"""

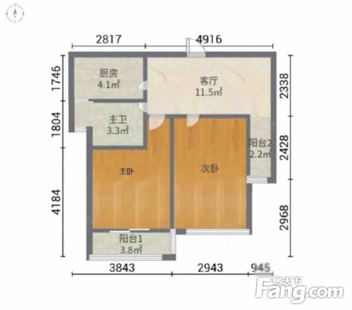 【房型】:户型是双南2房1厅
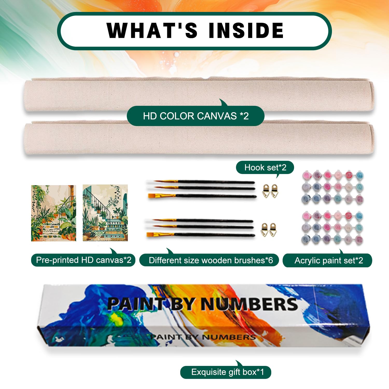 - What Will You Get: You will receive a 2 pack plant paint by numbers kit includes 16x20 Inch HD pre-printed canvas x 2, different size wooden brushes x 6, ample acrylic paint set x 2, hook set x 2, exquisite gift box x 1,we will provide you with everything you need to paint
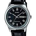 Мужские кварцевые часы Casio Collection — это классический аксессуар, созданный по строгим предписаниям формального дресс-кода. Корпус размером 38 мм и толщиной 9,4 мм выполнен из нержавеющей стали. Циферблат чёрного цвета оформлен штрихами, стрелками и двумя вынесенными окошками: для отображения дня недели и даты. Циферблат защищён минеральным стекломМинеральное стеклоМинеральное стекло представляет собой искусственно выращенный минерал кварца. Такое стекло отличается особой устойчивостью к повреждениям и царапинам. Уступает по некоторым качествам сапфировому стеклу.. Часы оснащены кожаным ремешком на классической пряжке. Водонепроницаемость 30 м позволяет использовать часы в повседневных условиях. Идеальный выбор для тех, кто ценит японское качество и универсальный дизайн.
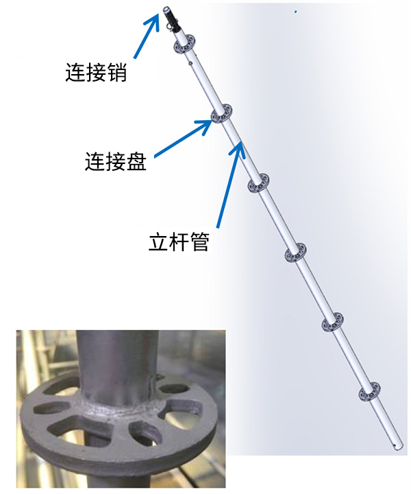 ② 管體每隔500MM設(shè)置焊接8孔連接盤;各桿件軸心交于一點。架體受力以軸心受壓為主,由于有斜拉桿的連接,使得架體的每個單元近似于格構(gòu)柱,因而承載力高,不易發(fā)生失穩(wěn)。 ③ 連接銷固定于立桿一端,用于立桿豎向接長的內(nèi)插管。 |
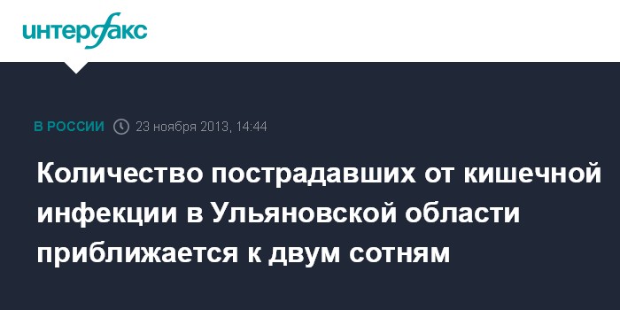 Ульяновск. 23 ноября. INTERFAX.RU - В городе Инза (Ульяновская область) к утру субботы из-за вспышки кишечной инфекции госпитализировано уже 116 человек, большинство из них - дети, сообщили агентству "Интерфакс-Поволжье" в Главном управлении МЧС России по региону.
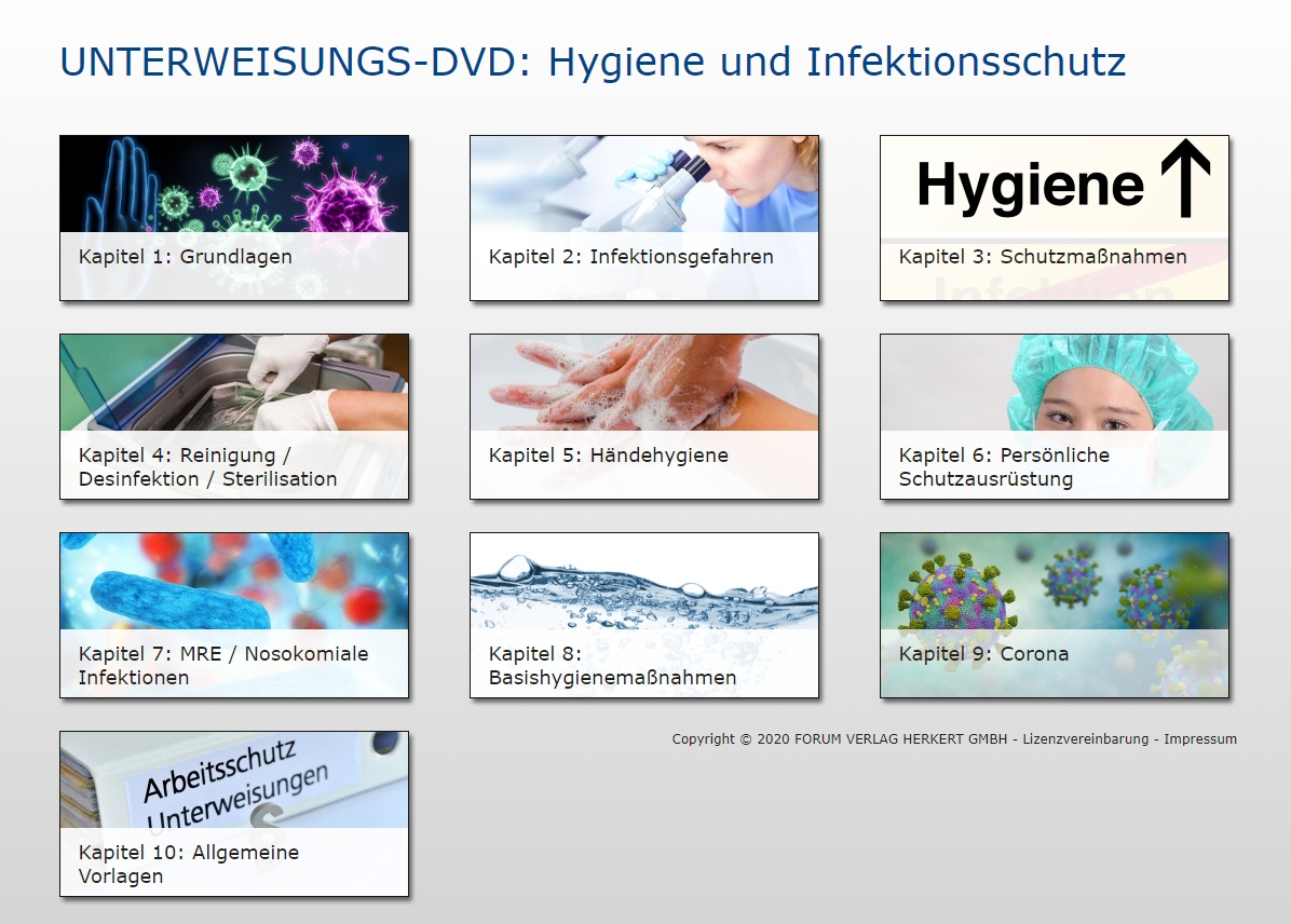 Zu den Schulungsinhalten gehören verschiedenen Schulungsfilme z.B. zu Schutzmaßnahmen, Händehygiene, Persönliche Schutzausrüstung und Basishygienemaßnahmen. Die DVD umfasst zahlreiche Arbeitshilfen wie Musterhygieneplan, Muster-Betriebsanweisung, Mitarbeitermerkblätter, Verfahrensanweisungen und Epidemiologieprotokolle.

"""
"""

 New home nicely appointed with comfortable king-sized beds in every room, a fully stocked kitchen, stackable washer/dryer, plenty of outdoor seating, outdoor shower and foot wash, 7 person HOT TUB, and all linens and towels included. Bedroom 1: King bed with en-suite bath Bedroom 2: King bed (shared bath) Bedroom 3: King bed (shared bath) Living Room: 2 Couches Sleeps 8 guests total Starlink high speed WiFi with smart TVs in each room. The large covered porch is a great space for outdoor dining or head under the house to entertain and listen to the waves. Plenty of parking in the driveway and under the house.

"""

◆ **WHAT IS EXPECTED**
Working from the entries above, please transcribe only the lines from the line with "Мужские кварцевые часы" through the line with "Zu den Schulungsinhalten", exactly, with both end lines and without pictures.

◆ **RESULT FOR THIS TASK**
 Мужские кварцевые часы Casio Collection — это классический аксессуар, созданный по строгим предписаниям формального дресс-кода. Корпус размером 38 мм и толщиной 9,4 мм выполнен из нержавеющей стали. Циферблат чёрного цвета оформлен штрихами, стрелками и двумя вынесенными окошками: для отображения дня недели и даты. Циферблат защищён минеральным стекломМинеральное стеклоМинеральное стекло представляет собой искусственно выращенный минерал кварца. Такое стекло отличается особой устойчивостью к повреждениям и царапинам. Уступает по некоторым качествам сапфировому стеклу.. Часы оснащены кожаным ремешком на классической пряжке. Водонепроницаемость 30 м позволяет использовать часы в повседневных условиях. Идеальный выбор для тех, кто ценит японское качество и универсальный дизайн.
 ② 管體每隔500MM設(shè)置焊接8孔連接盤;各桿件軸心交于一點。架體受力以軸心受壓為主,由于有斜拉桿的連接,使得架體的每個單元近似于格構(gòu)柱,因而承載力高,不易發(fā)生失穩(wěn)。 ③ 連接銷固定于立桿一端,用于立桿豎向接長的內(nèi)插管。 |
 Ульяновск. 23 ноября. INTERFAX.RU - В городе Инза (Ульяновская область) к утру субботы из-за вспышки кишечной инфекции госпитализировано уже 116 человек, большинство из них - дети, сообщили агентству "Интерфакс-Поволжье" в Главном управлении МЧС России по региону.
 Zu den Schulungsinhalten gehören verschiedenen Schulungsfilme z.B. zu Schutzmaßnahmen, Händehygiene, Persönliche Schutzausrüstung und Basishygienemaßnahmen. Die DVD umfasst zahlreiche Arbeitshilfen wie Musterhygieneplan, Muster-Betriebsanweisung, Mitarbeitermerkblätter, Verfahrensanweisungen und Epidemiologieprotokolle.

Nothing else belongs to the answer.